Партия и Ленин — близнецы-братья –
Кто более матери-истории ценен?
Мы говорим Ленин,
подразумеваем партия,
Мы говорим партия,
подразумеваем — Ленин.
В этих строках четко зафиксировано не просто и не только тождество, но и относительное равновесие «исторических гирек» под названием «Ленин» и «Партия», То же можно сказать о Петре I (с его гвардией) и «остальной России». Ситуация субъектно-системного равновесия вообще характерна для эпох революций и смут.
Если говорить о нашей истории в XX в., то Сталин, движимый логикой Русской Системы и Русской Власти, помимо прочего, должен был покончить с фазой субъектного взрыва Русской Истории. Парадоксальность ситуации заключалась в том, что он был последним субъектом этой фазы, уничтожавшим, отменявшим ее и тем самым упрочивавшим новую систему. Сталин закрыл Крышкой Истории котел исторических возможностей, и персонификатору этого котла — ленинской партии пришла «крышка». Но последним, по иронии истории, под крышку угодил сам Coco Первый (и последний). Устранение его «хрущёвцами» (название условно) означало окончательный финал субъектной фазы. Теперь были возможны лишь отголоски субъектности в виде «волюнтаризма», впрочем, тоже вскоре заглушенные в эпоху (и эпохой) безбрежного реализма брежневского «реального социализма», в позднезрелой и поздней стадиях коммунистического порядка.
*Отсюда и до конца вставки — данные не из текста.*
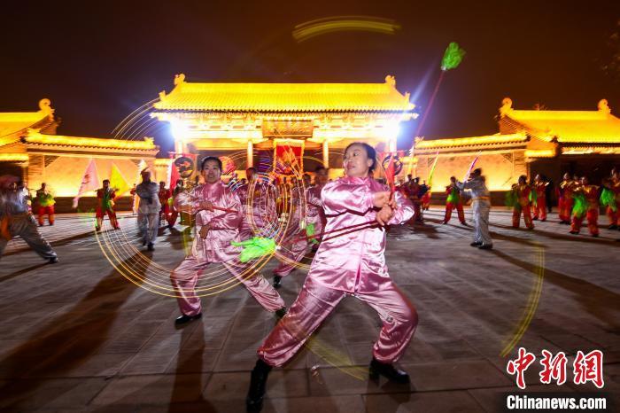 当晚,魁星楼前,游客驻足。五彩灯光投射在楼阁之上,春夏秋冬岁月景象流转,旧时学子寒窗苦读、金榜题名的历史被娓娓道来;古县衙门口,暗夜当中,国家级非遗“飞火流星”上下翻飞、星光流转。应和着掌声、呐喊,太原锣鼓鼓声震天。

Вот что интересно. Подавление в системе (и системой) «волюнтаризма», субъектного начала свидетельствует о ее зрелости, точнее, о расцвете-конце зрелости. Но в то же время это и начало конца, наступление поздней фазы, когда с «волюнтаризмом» система теряет жизненные силы, витальность. Подавление субъектности означает устранение важнейшего для любого социума, пребывающего в субъектном потоке исторического развития, противоречия между субъектом и системой. Как только это противоречие устранено, возникает потребность в новом субъекте (который может быть только антисистемным; просистемные же субъекты закатных эпох — фигуры трагические, обреченные, будь то Дмитрий Шемяка, Александр II, Столыпин или Горбачёв, терпящие поражение вместе с системой) и в новой системе, которую этот субъект будет создавать.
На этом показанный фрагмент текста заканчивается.